Beyond Symbolic Solving: Multi Chain-of-Thought Voting for Geometric Reasoning in Large Language Models
Summary: arXiv:2604.00890v1 Announce Type: new
Abstract
Geometric Problem Solving (GPS) remains at the heart of enhancing mathematical reasoning in large language models because it requires the combination of diagrammatic understanding, symbolic manipulation, and logical inference. In existing literature, researchers have chiefly focused on synchronizing the diagram descriptions with text literals and solving the problem. In this vein, they have either taken a neural, symbolic, or neuro-symbolic approach. But this solves only the first two of the requirements, namely diagrammatic understanding and symbolic manipulation, while leaving logical inference underdeveloped.
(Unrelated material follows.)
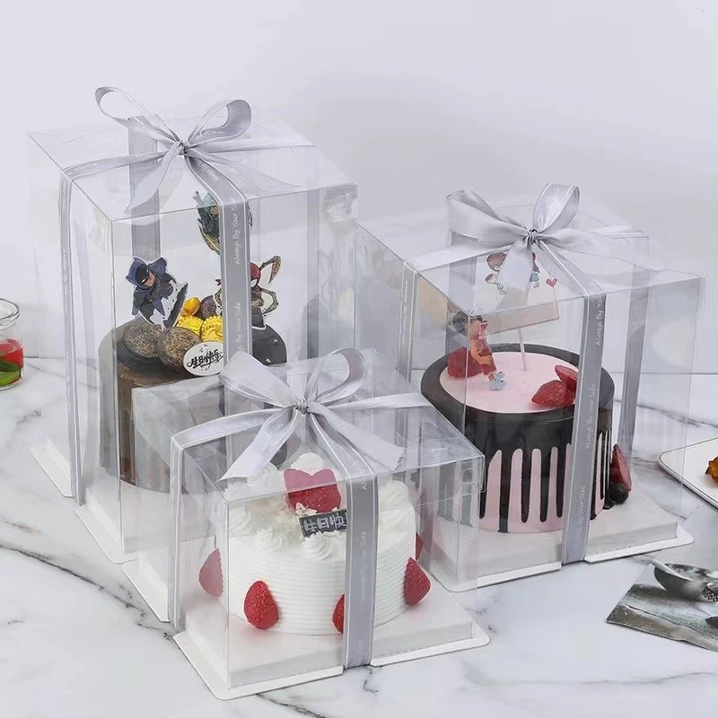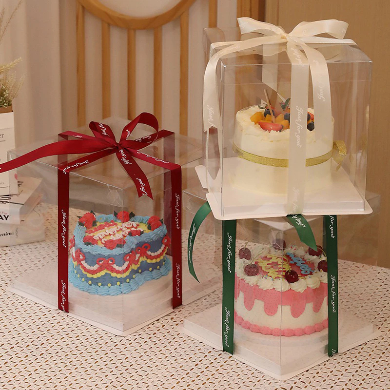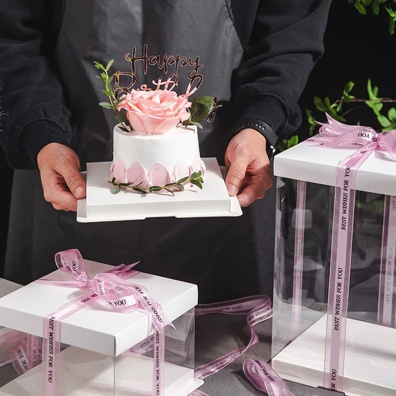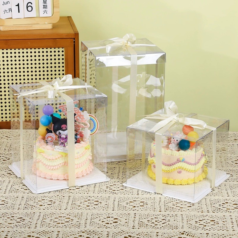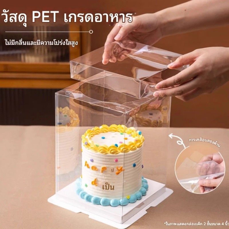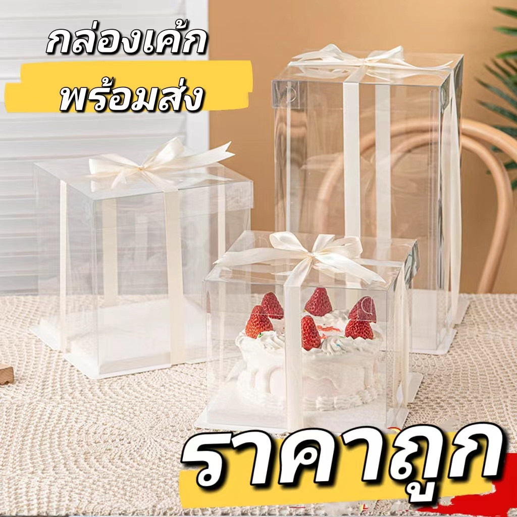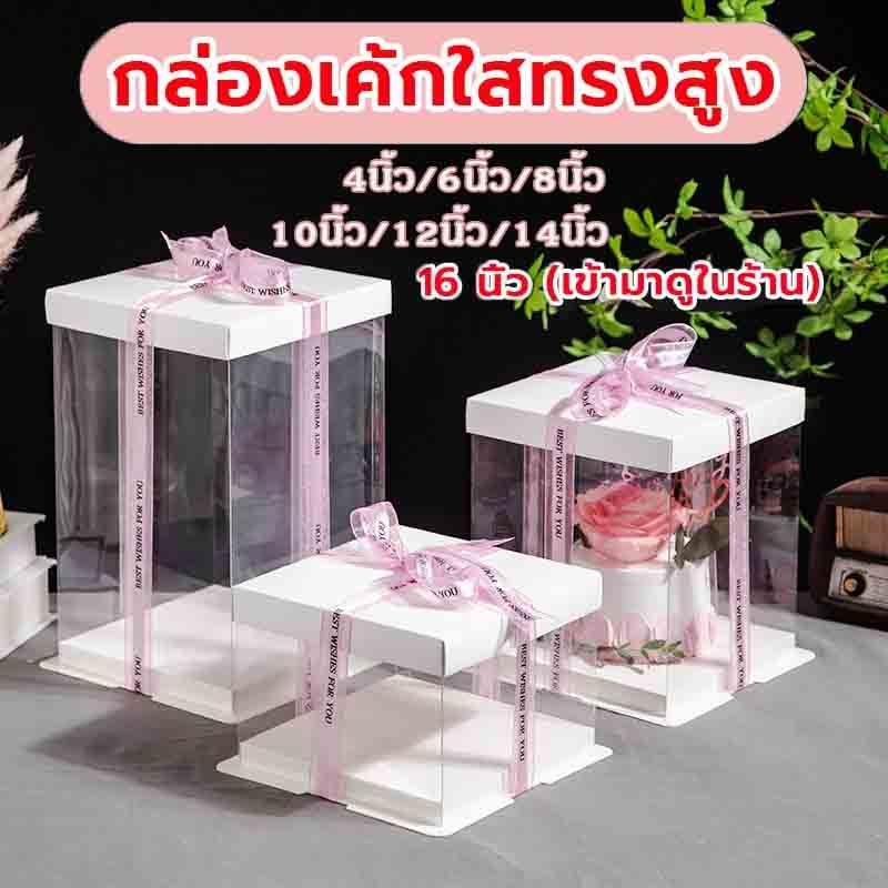 กล่องเค้กใสทรงสูง ฐานสีขาว กล่องเค้กบาร์บี้ กล่องเค้กคุ๊กตา ฝาใส ฐานสีขาว กล่องเค้ก 6นิ้ว/8นิ้ว/10นิ้ว กล่องเค้กใส

The logical inference is often limited to one chain-of-thought (CoT). To address this weakness in hitherto existing models, this paper proposes MARS-GPS, which generates multiple parallel reasoning rollouts augmented with Python code execution for numerical verification. It ranks them using token-level entropy as a confidence signal and aggregates answers through a multi-stage voting and self-verification pipeline.
Key Contributions of MARS-GPS
- Multiple Reasoning Rollouts: The model generates up to 16 parallel reasoning paths, which enhances the depth and breadth of logical inference.
- Numerical Verification: Each reasoning rollout is augmented with Python code execution that serves to verify numerical solutions, increasing reliability.
- Confidence Ranking: The use of token-level entropy allows for a more nuanced confidence measure in the generated answers.
- Multi-Stage Voting: Answers are aggregated through a sophisticated voting mechanism that improves accuracy and consistency of results.
Empirical Results
Empirical results show that MARS-GPS with eight parallel rollouts achieves an impressive accuracy of 88.8% on the Geometry3K benchmark. This represents a nearly 11% improvement over the previous state-of-the-art models. Moreover, the accuracy of MARS-GPS scales consistently as the number of rollouts increases; for instance, an increase from one to sixteen rollouts results in a 6.0% improvement on the ablation subset.
Conclusion
The advancements presented in MARS-GPS showcase a significant leap forward in the field of geometric problem solving within large language models. By effectively integrating multiple reasoning paths and improving logical inference through a robust verification process, MARS-GPS addresses critical gaps in existing methods. Researchers and practitioners are encouraged to explore these findings further, as the code and data are available in an anonymous repository: MARS-GPS Repository.
Future Work
Looking ahead, the authors suggest that further research should focus on:
- Expanding the range of geometric problems tackled by MARS-GPS.
- Investigating the application of the multi-chain-of-thought approach in other domains of mathematical reasoning.
- Enhancing the efficiency of the multi-stage voting mechanism to accommodate even larger datasets.